**WHAT YOU ARE ASKED TO DO**
Leaving the pictures out, transcribe the records below exactly.

══════

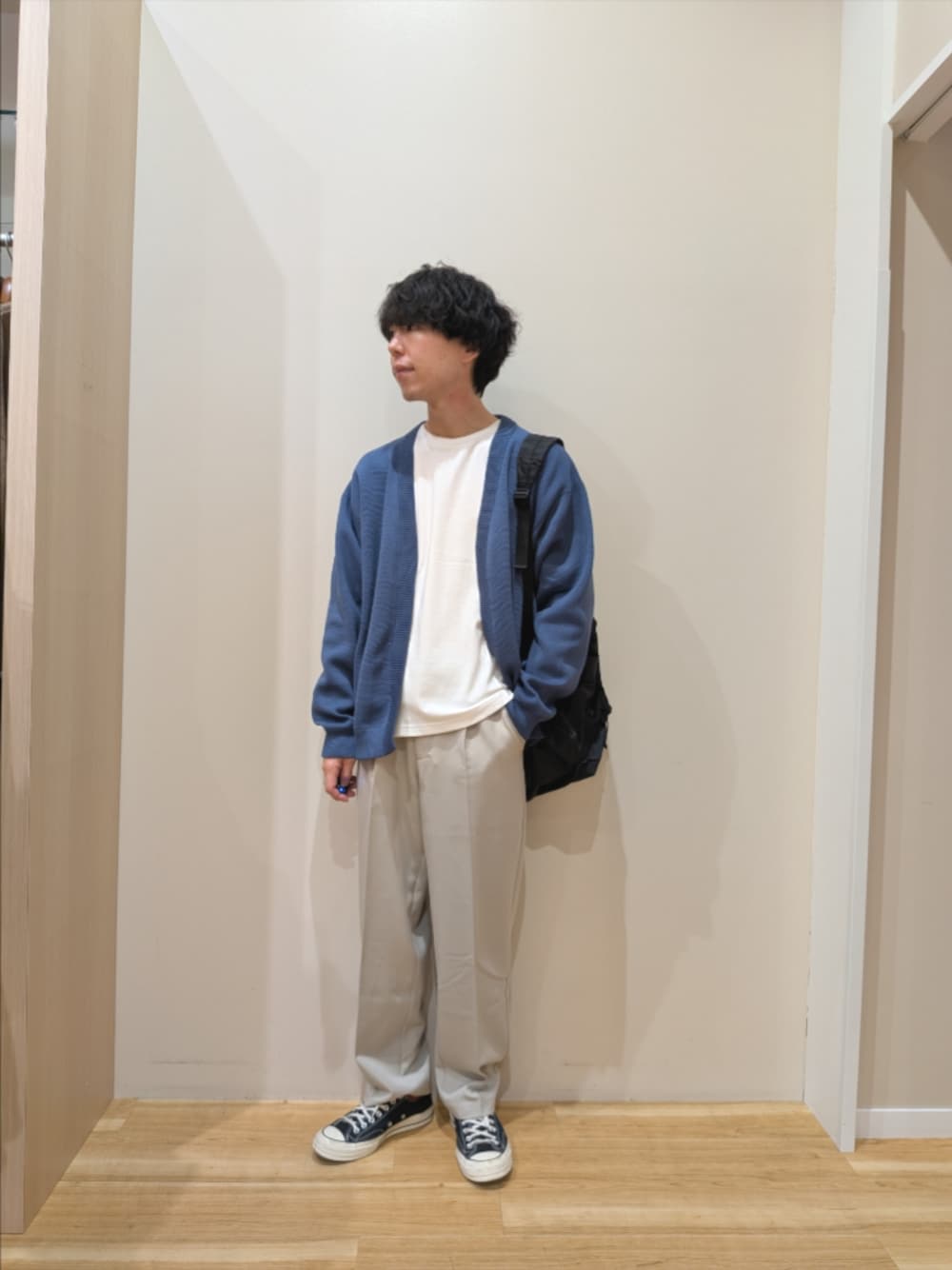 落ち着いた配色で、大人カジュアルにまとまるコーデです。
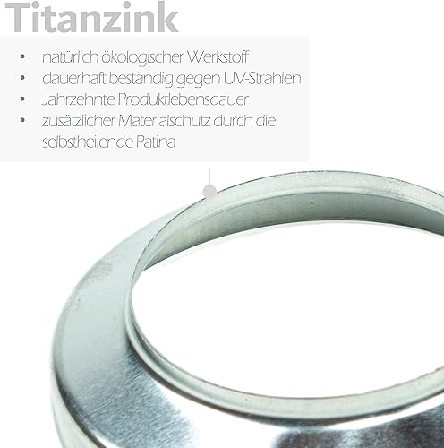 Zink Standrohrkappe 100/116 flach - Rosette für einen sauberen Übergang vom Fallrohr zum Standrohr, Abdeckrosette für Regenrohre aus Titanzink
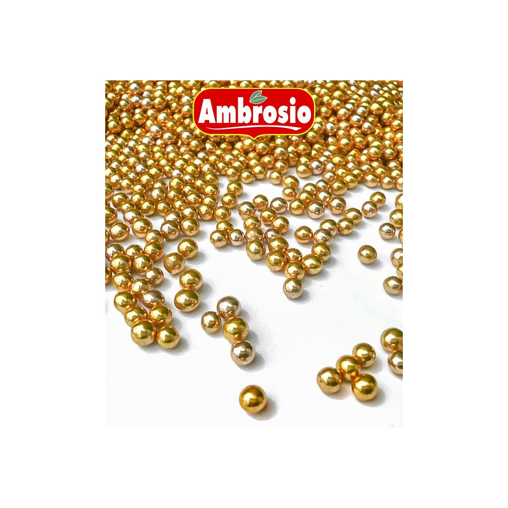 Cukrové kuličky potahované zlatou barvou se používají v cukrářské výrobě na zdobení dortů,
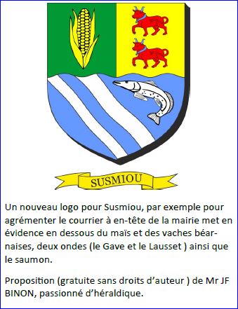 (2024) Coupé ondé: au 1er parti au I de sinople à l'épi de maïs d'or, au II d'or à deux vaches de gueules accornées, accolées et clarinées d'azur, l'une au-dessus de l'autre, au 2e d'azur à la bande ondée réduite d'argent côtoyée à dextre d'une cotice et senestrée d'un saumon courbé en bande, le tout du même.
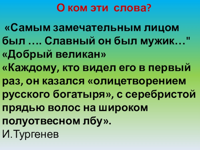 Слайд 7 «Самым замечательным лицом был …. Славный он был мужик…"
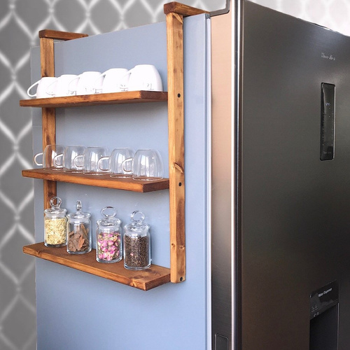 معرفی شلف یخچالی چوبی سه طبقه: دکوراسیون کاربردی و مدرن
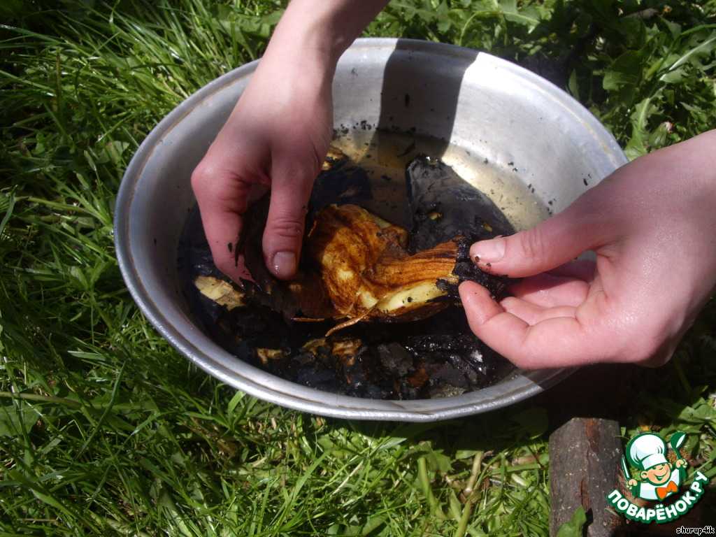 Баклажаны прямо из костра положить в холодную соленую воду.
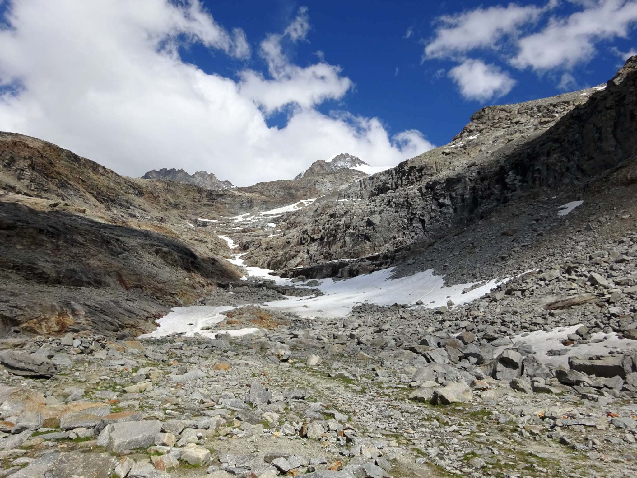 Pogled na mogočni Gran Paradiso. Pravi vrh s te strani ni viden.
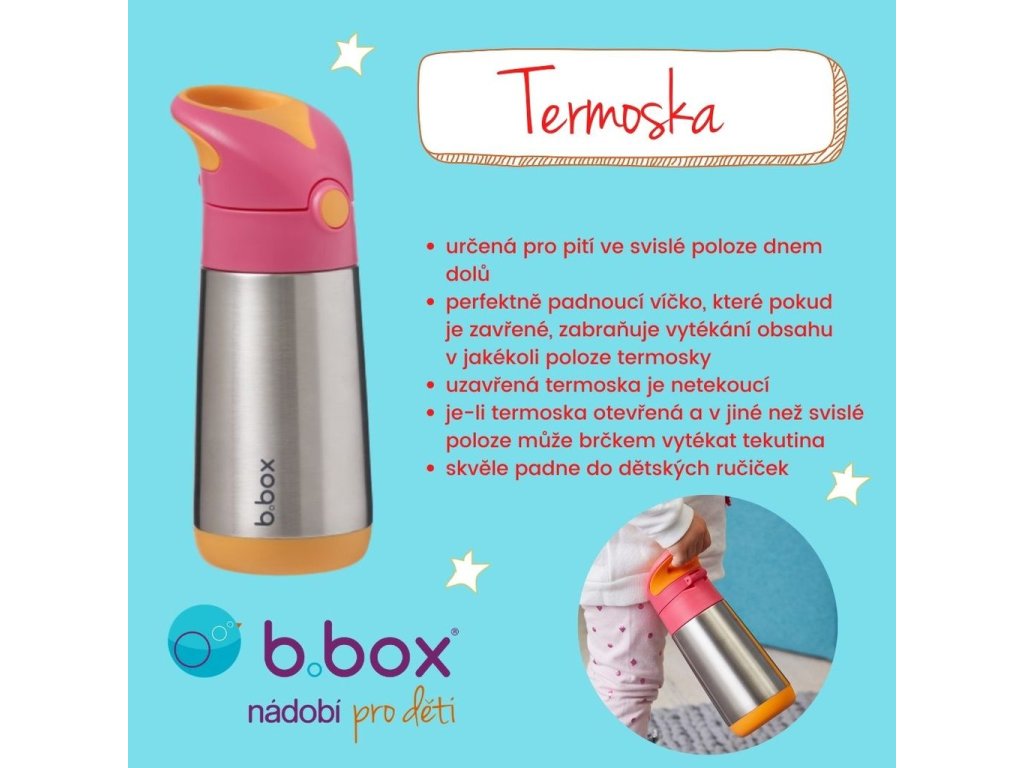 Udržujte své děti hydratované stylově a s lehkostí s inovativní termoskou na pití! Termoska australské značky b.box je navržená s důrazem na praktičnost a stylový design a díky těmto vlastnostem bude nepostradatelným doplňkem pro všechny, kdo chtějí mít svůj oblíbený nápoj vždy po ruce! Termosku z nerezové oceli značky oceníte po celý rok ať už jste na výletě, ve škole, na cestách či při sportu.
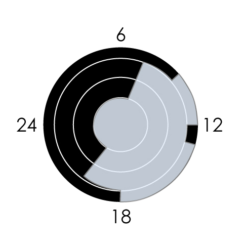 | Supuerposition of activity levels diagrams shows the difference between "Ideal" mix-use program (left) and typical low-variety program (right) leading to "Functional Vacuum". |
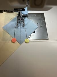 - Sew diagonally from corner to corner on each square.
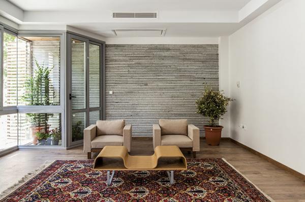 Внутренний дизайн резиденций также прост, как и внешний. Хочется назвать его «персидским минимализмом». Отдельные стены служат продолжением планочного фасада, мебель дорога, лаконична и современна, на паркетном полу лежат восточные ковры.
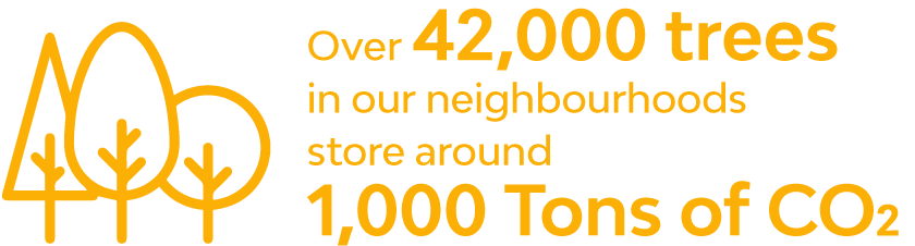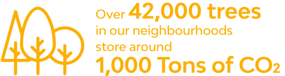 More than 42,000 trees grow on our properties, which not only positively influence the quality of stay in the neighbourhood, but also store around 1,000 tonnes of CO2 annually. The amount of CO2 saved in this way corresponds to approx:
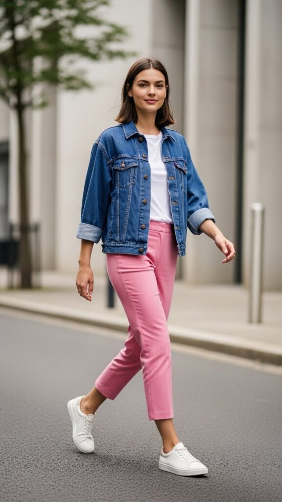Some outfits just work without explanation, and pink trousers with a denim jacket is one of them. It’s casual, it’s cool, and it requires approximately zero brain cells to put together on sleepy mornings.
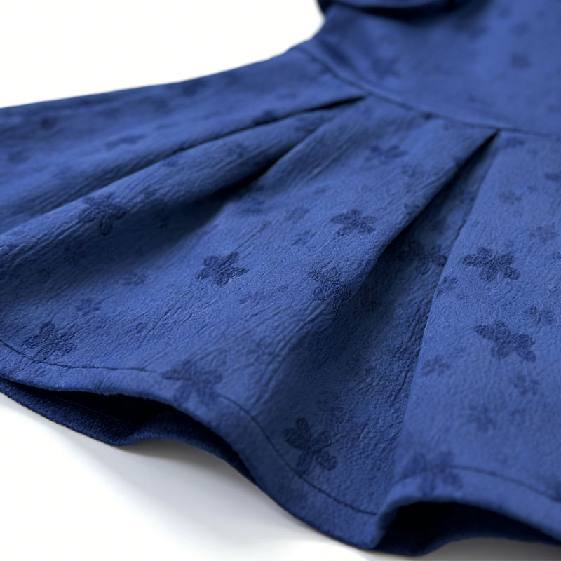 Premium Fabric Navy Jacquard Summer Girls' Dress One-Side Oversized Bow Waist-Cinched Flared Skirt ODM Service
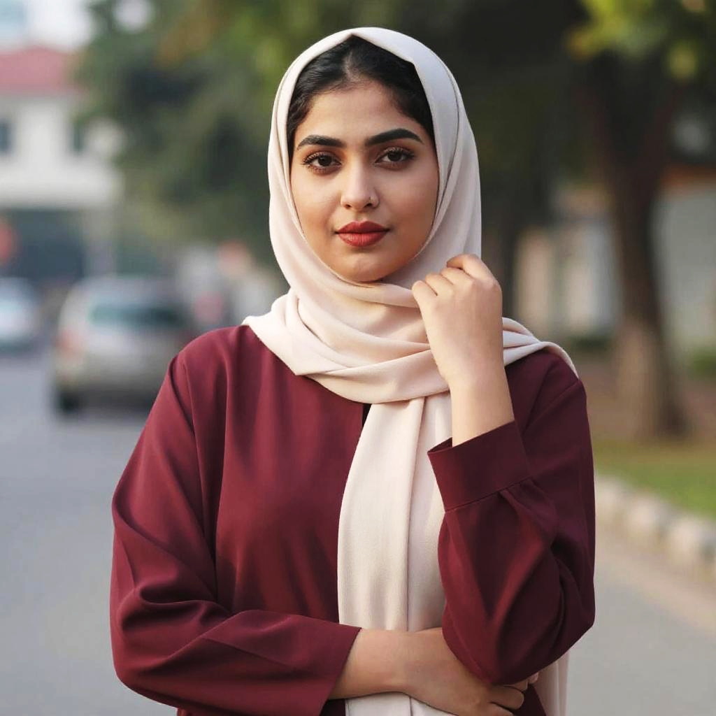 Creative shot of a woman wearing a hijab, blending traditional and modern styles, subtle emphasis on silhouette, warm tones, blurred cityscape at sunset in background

══════

**SOLUTION FOR THIS EXERCISE**
 落ち着いた配色で、大人カジュアルにまとまるコーデです。
 Zink Standrohrkappe 100/116 flach - Rosette für einen sauberen Übergang vom Fallrohr zum Standrohr, Abdeckrosette für Regenrohre aus Titanzink
 Cukrové kuličky potahované zlatou barvou se používají v cukrářské výrobě na zdobení dortů,
 (2024) Coupé ondé: au 1er parti au I de sinople à l'épi de maïs d'or, au II d'or à deux vaches de gueules accornées, accolées et clarinées d'azur, l'une au-dessus de l'autre, au 2e d'azur à la bande ondée réduite d'argent côtoyée à dextre d'une cotice et senestrée d'un saumon courbé en bande, le tout du même.
 Слайд 7 «Самым замечательным лицом был …. Славный он был мужик…"
 معرفی شلف یخچالی چوبی سه طبقه: دکوراسیون کاربردی و مدرن
 Баклажаны прямо из костра положить в холодную соленую воду.
 Pogled na mogočni Gran Paradiso. Pravi vrh s te strani ni viden.
 Udržujte své děti hydratované stylově a s lehkostí s inovativní termoskou na pití! Termoska australské značky b.box je navržená s důrazem na praktičnost a stylový design a díky těmto vlastnostem bude nepostradatelným doplňkem pro všechny, kdo chtějí mít svůj oblíbený nápoj vždy po ruce! Termosku z nerezové oceli značky oceníte po celý rok ať už jste na výletě, ve škole, na cestách či při sportu.
 | Supuerposition of activity levels diagrams shows the difference between "Ideal" mix-use program (left) and typical low-variety program (right) leading to "Functional Vacuum". |
 - Sew diagonally from corner to corner on each square.
 Внутренний дизайн резиденций также прост, как и внешний. Хочется назвать его «персидским минимализмом». Отдельные стены служат продолжением планочного фасада, мебель дорога, лаконична и современна, на паркетном полу лежат восточные ковры.
 More than 42,000 trees grow on our properties, which not only positively influence the quality of stay in the neighbourhood, but also store around 1,000 tonnes of CO2 annually. The amount of CO2 saved in this way corresponds to approx:
Some outfits just work without explanation, and pink trousers with a denim jacket is one of them. It’s casual, it’s cool, and it requires approximately zero brain cells to put together on sleepy mornings.
 Premium Fabric Navy Jacquard Summer Girls' Dress One-Side Oversized Bow Waist-Cinched Flared Skirt ODM Service
 Creative shot of a woman wearing a hijab, blending traditional and modern styles, subtle emphasis on silhouette, warm tones, blurred cityscape at sunset in background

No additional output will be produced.